The plans were spelled out yesterday in a 138-page document that every haulier and business doing business with EU will have to read very closely.

The document is an update to the Border Operating Model first published in July of this year. In the UK Government’s own words, the updates does as follows:

  • Maps out the intended locations of inland border infrastructure. The sites will provide the necessary additional capacity to carry out checks on freight.
  • Announces that passports will be required for entry into the UK from October 2021 as the Government phases out the use of EU, EEA and Swiss national identity cards as a valid travel document for entry to the UK. Identity cards are among the least secure documents seen at the border and ending their use will strengthen our security as the UK takes back control of its borders at the end of the transition period.
  • Confirms, after extensive engagement with industry, that a Kent Access Permit will be mandatory for HGVs using the short strait channel crossings in Kent. The easy-to-use ‘Check an HGV’ service will allow hauliers to check if they have the correct customs documentation and obtain a Kent Access Permit.

According to the updated Border Operating Model, 5 inland border sites will be operational in January 2021 in the following locations: Ashord Waterbrook, Sevington Ashford, Ebbsfleet Int. Station, North Weald Airfield, and Warrington. In addition, 2 more sites at Thames Gateway and Birmingham could be utilised in January of next year. Finally, a further 3 sites at Dover, South Wales and Holyhead have been earmarked as potential locations for July 2021.

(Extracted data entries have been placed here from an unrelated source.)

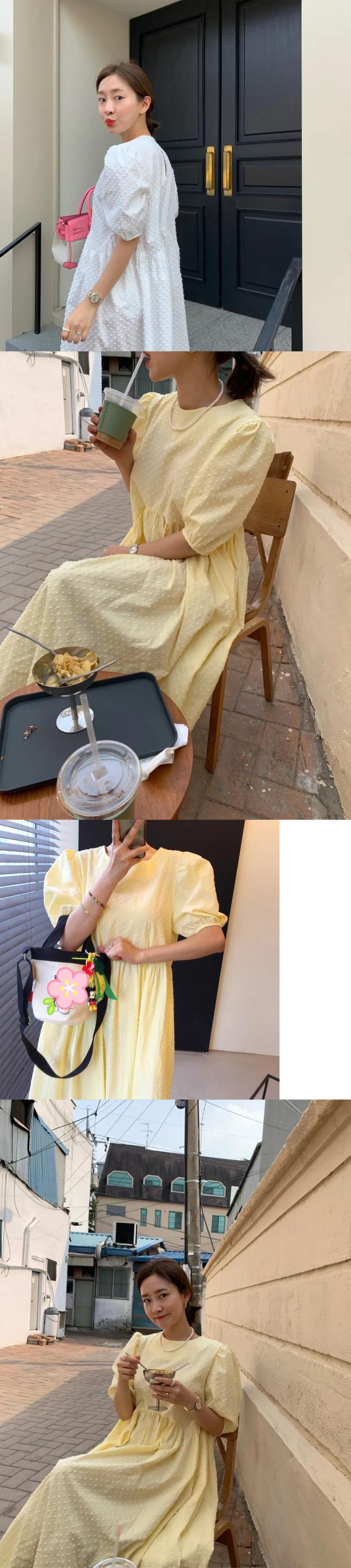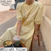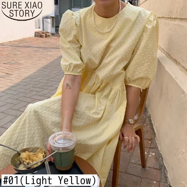 送料無料 2024 夏の女性のロングドレス O ネックパフスリーブオーバーサイズドットドレスルーズ Vestidos 9941 サマー 夏物 Oネック AE665656615569741290
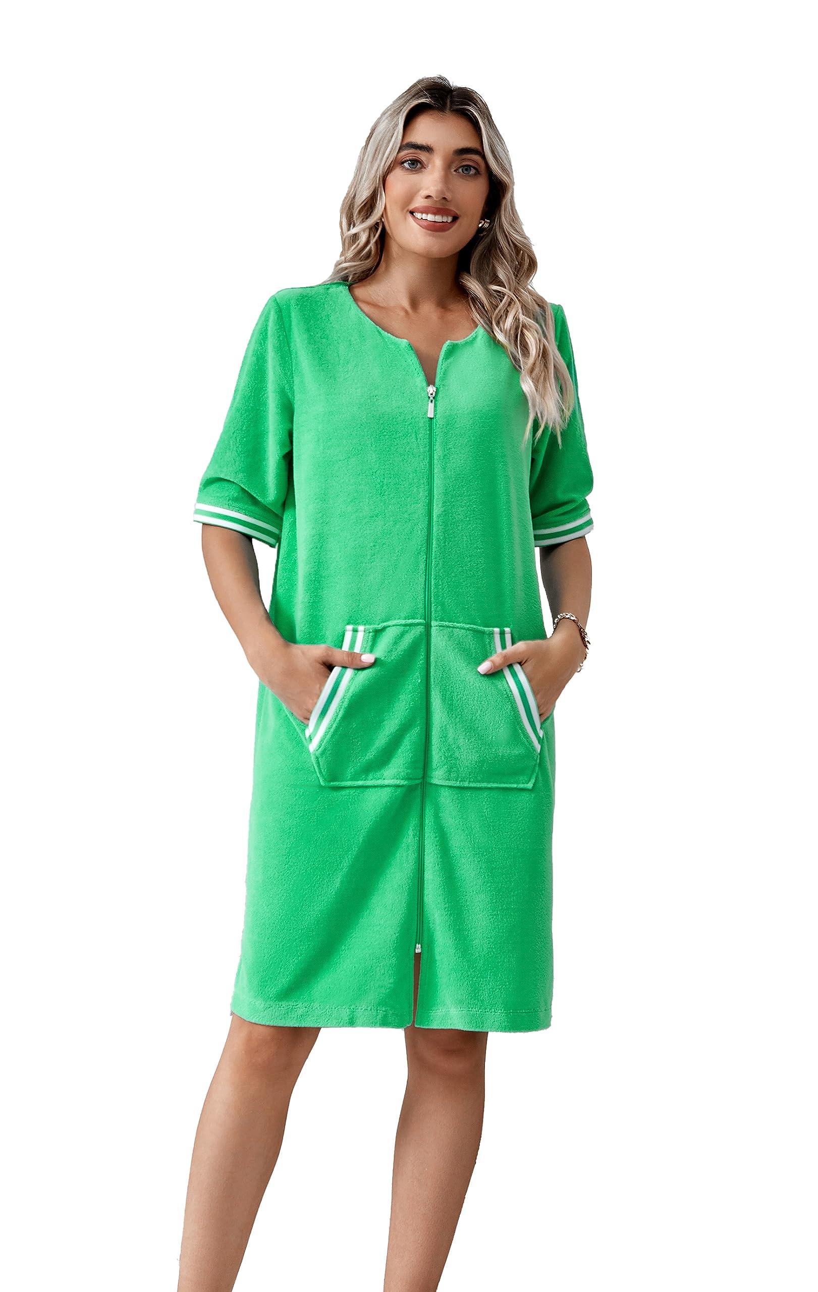 - SUITABLE DESIGN STYLE & COMFORT - The casual Housedress features a Front zip design, 3/4 sleeve, and short dress with side to side pockets and front slit design for feminine flair. So different unique and comfortable dress! These housedress are loose to allow airflow to keep your body cool and dry throughout the night.
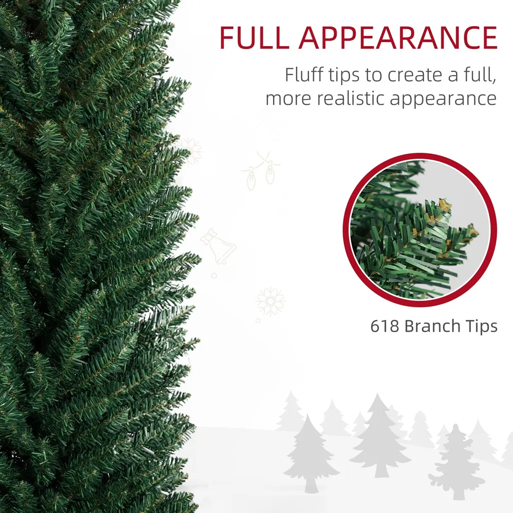 8' Artificial Pencil Christmas Tree, Slim Xmas Tree With 618 Realistic Branch Tips And Plastic Stand, Black - Green

The revised document has been positively received by Logistics UK Policy Director Elizabeth de Jong, who says the clarification it provides will be „welcomed” by Logistics UK members.

“Clarification on the arrangements for the UK’s borders with the EU at the end of the Transition Period is welcomed by our members, the organisations charged with moving goods and services to and from our nation’s largest trading partner.”

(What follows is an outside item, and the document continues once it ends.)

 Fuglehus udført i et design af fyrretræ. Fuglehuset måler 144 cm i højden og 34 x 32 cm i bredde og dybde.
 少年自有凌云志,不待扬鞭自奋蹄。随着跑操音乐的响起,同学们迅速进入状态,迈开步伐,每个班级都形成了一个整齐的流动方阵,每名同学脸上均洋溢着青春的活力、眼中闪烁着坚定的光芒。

However, de Jong added that she now wishes to see more clarity on trading between Great Britain and Northern Ireland:

“We now want to see the same clarity and detailed information for the movement of goods between Great Britain and Northern Ireland, so that businesses can plan and logistics operators avoid delays.”

The Road Haulage association (RHA) have also welcomed the update. Writing on Twitter yesterday afternoon, the organisation nonetheless stressed that if there are any errors in the paperwork post-Brexit, goods will simply not pass the border.

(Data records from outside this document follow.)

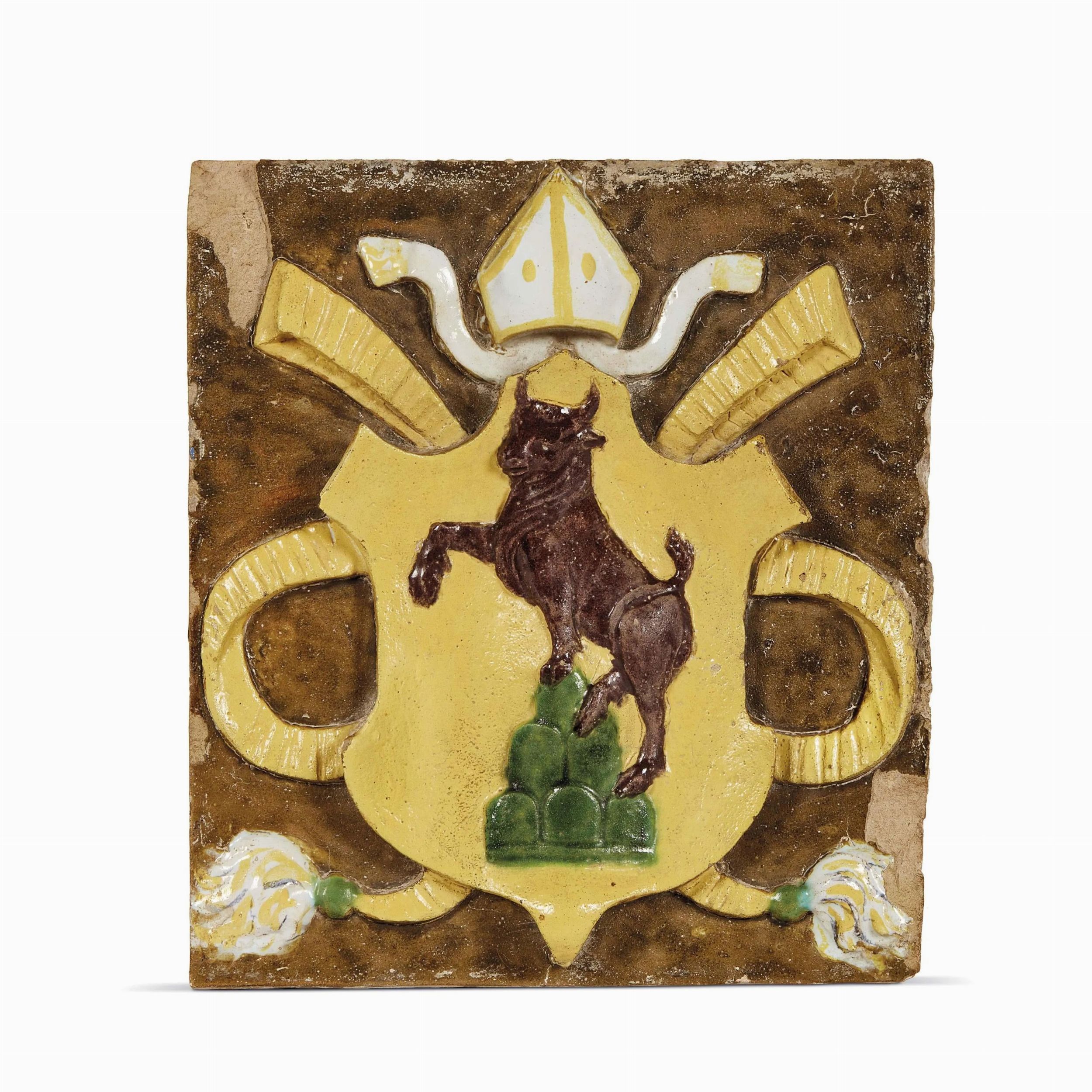 rilievo in terracotta invetriata policroma di forma quadrangolare raffigurante arma timbrata da una mitra vescovile bianca completa di infule ( d’oro, al toro rosso, con la coda rialzata, sostenuto ed in atto di scalare un monte di sei cime all’italiana di verde ) dai cui lati fuoriescono nastri gialli completati da nappe bianche, su formella dal fondo color marrone, cm 22,5x25,5x5,5
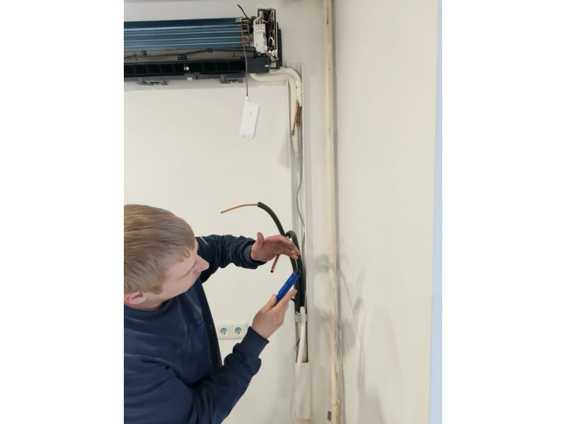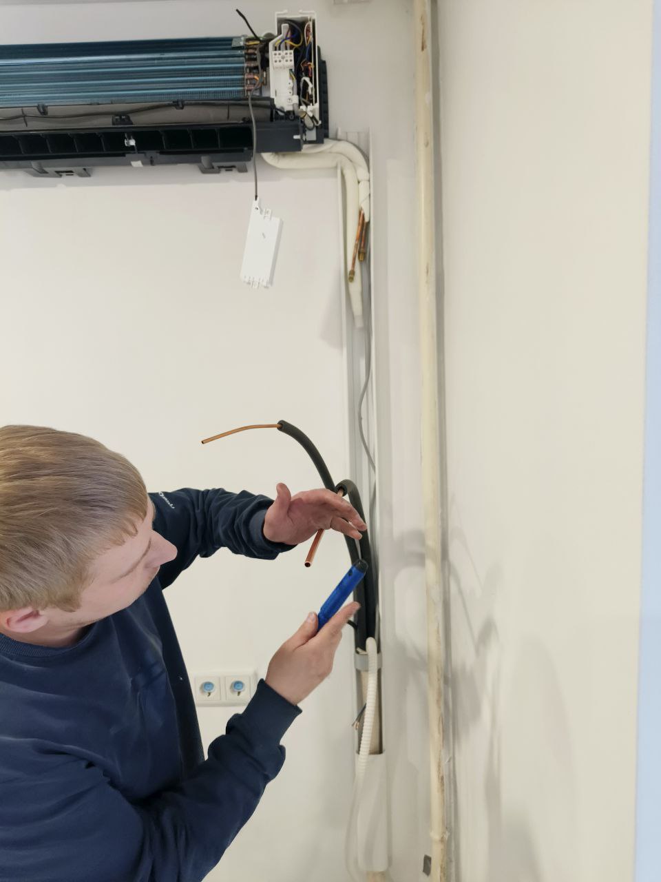 Прокладка межблочной трассы. Межблочная трасса — это система труб и проводов, которые соединяют внутренний и внешний блоки кондиционера. Важно правильно выполнить монтаж, чтобы избежать утечек фреона и обеспечить высокую эффективность работы системы.
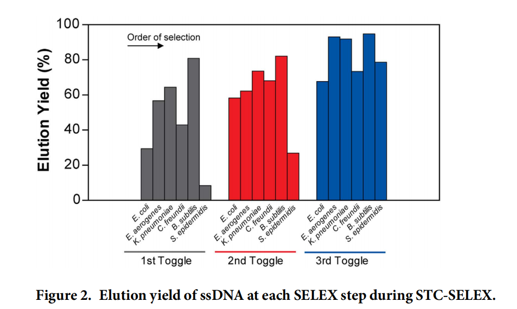 文献:Song M Y, Nguyen D, Hong S W, et al. Broadly reactive aptamers targeting bacteria belonging to different genera using a sequential toggle cell-SELEX[J]. Scientific reports, 2017, 7(1): 1-10.
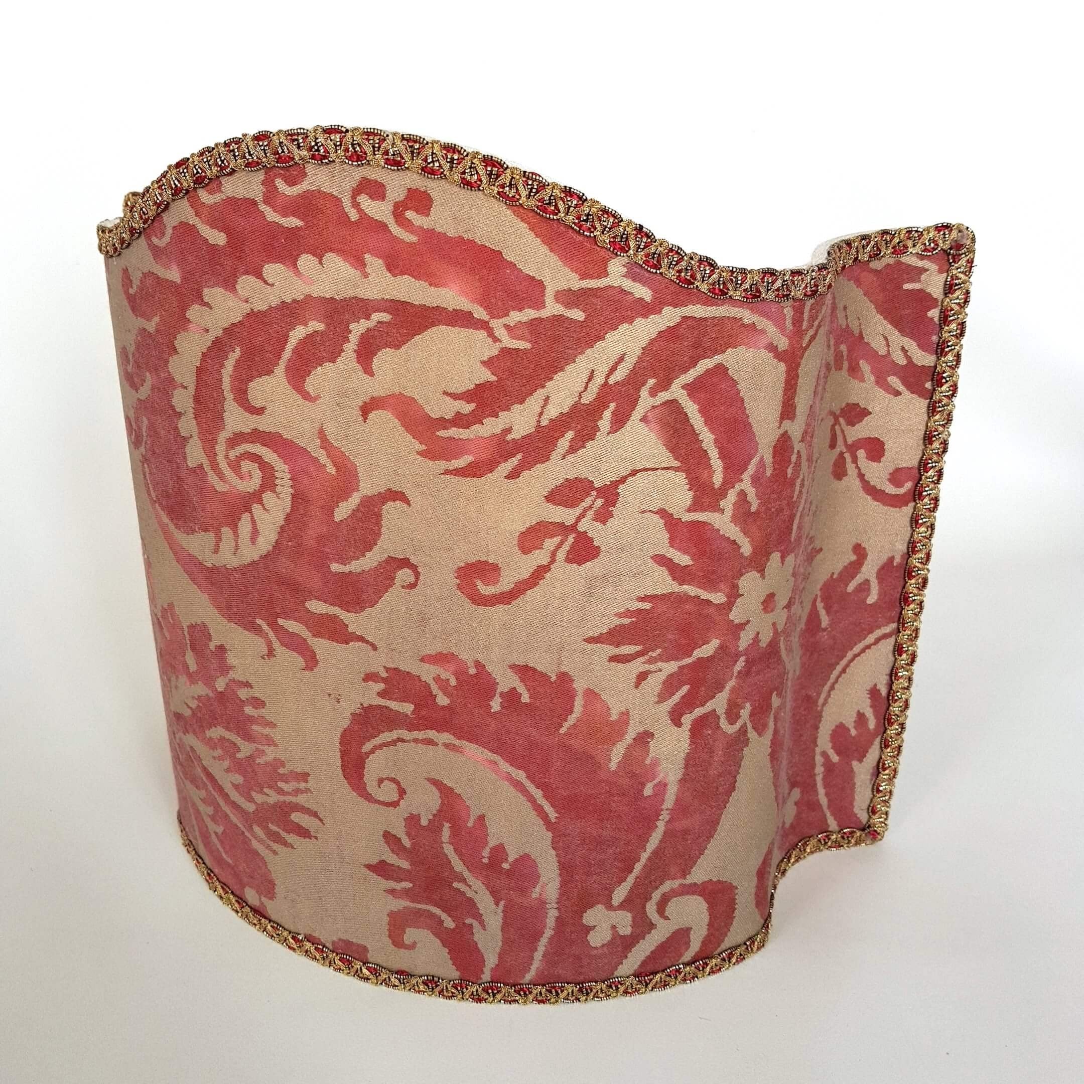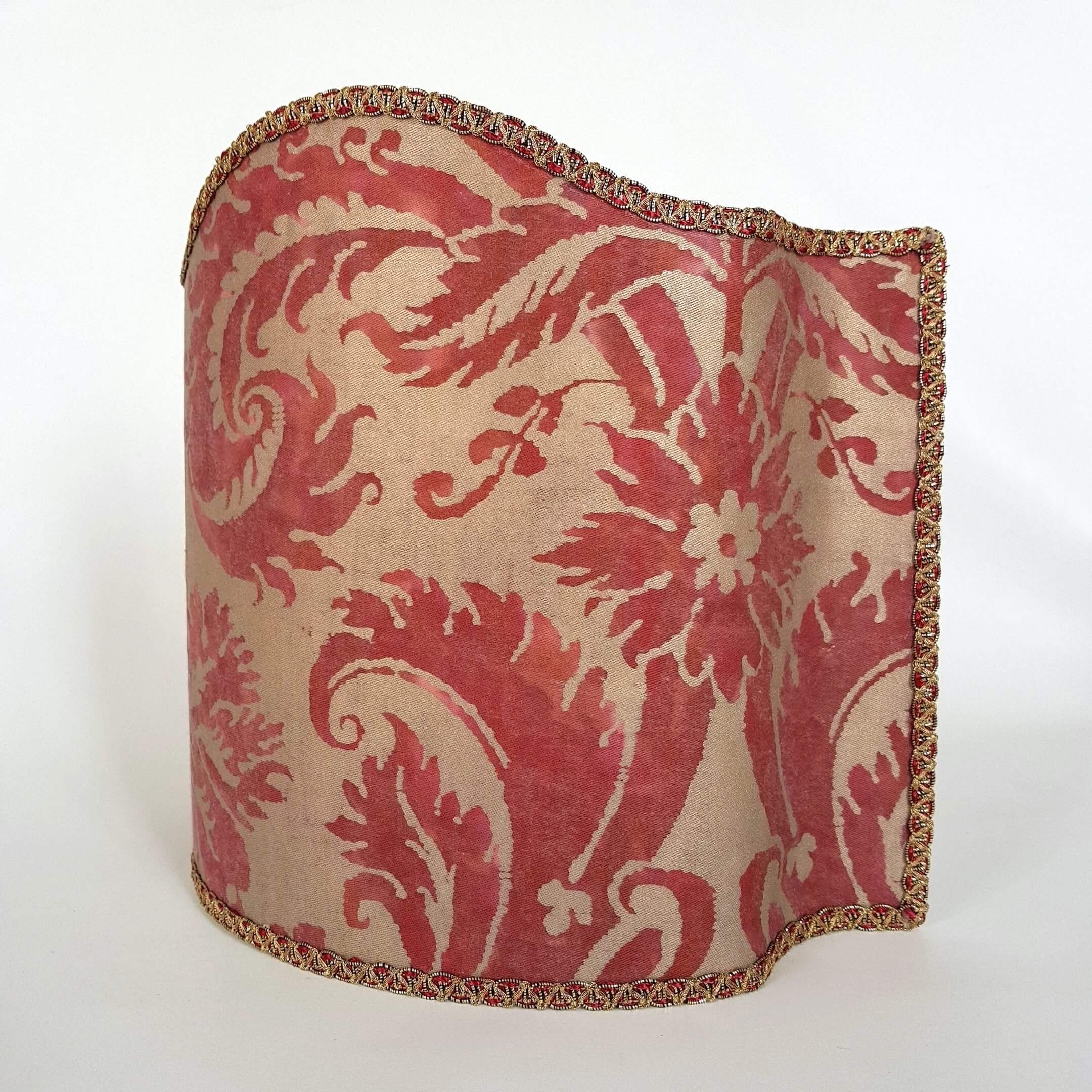 Abat jour fait main avec un tissu imprimé à la main Fortuny Demedici rouge et or à bordure or

Meanwhile, Rod McKenzie, the RHA’s Managing Director of Policy & Public Affairs, has expressed concerns about the 8 UK Government IT systems that will be used to facilitate the import of goods into the country.

Speaking on BBC Radio Kent, McKenzie said that a „gigantic” IT system such as the one being implemented would normally have „years” of preparation. His concern is that the 8 systems won’t communicate with each other, creating a situation whereby the technology „lets down the extraordinary amount of paperwork and red tape that will now have to be done.”